- Manj-e Nesa Location within Iran
- Coordinates: 31°32′15″N 50°37′38″E﻿ / ﻿31.53750°N 50.62722°E
- Country: Iran
- Province: Chaharmahal and Bakhtiari
- County: Lordegan
- District: Manj
- Established as a city: 2011

Population (2016)
- • Total: 1,492
- Time zone: UTC+3:30 (IRST)

= Manj-e Nesa =

City in Chaharmahal and Bakhtiari province, Iran

Manj-e Nesa (منج نسا) (Note: Also romanized as Manj-e Nesā’ and Monj-e Nesā’; also known as Manj, Monj, Monj Bālā, and Monj-e Bālā) is a city in, and the capital of, Manj District in Lordegan County, Chaharmahal and Bakhtiari province, Iran.

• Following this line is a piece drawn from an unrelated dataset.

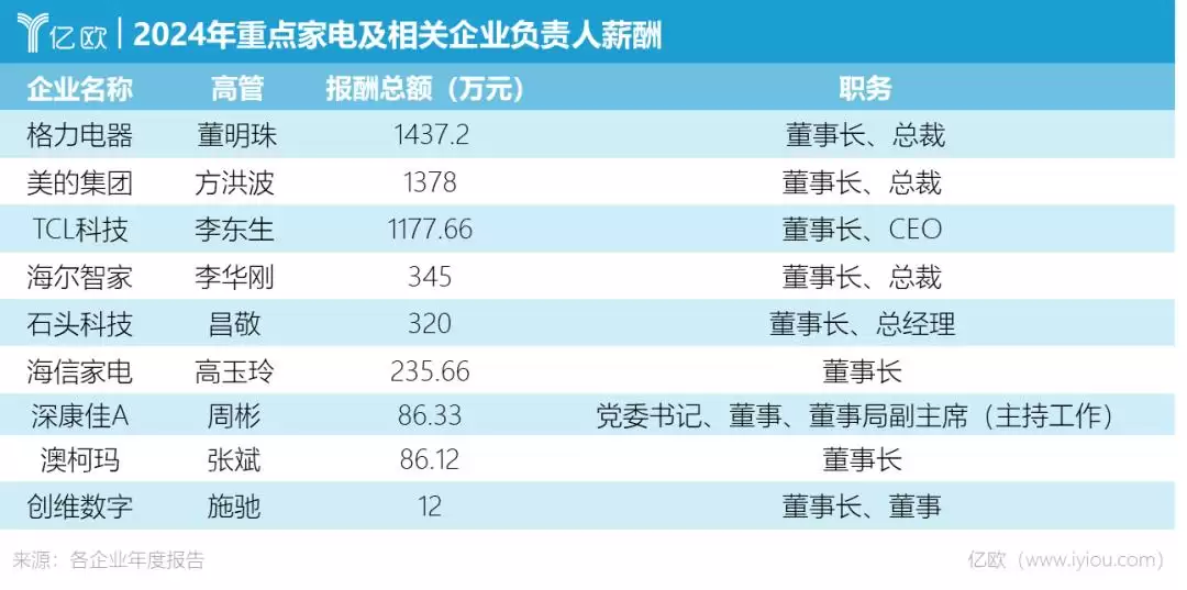 在薪酬方面,美的也给予了方洪波丰厚回报。根据最新年度报告,方洪波从公司获得的税前报酬总额高达1378万元。在主要家电及制造业相关企业负责人薪酬排行中,仅次于格力电器董事长董明珠(约1437.2万元),位列第二名。

It also serves as the administrative center for Manj Rural District.

==Demographics==
===Ethnicity===
The city is populated by Lurs.

===Population===
At the time of the 2006 National Census, the population was 661 in 139 households, when it was a village in Manj Rural District. The following census in 2011 counted 1,486 people in 338 households. The 2016 census measured the population as 1,492 people in 381 households, by which time the village had merged with the villages of Manj-e Baraftab and Manj-e Jahrub in forming the city of Manj-e Nesa.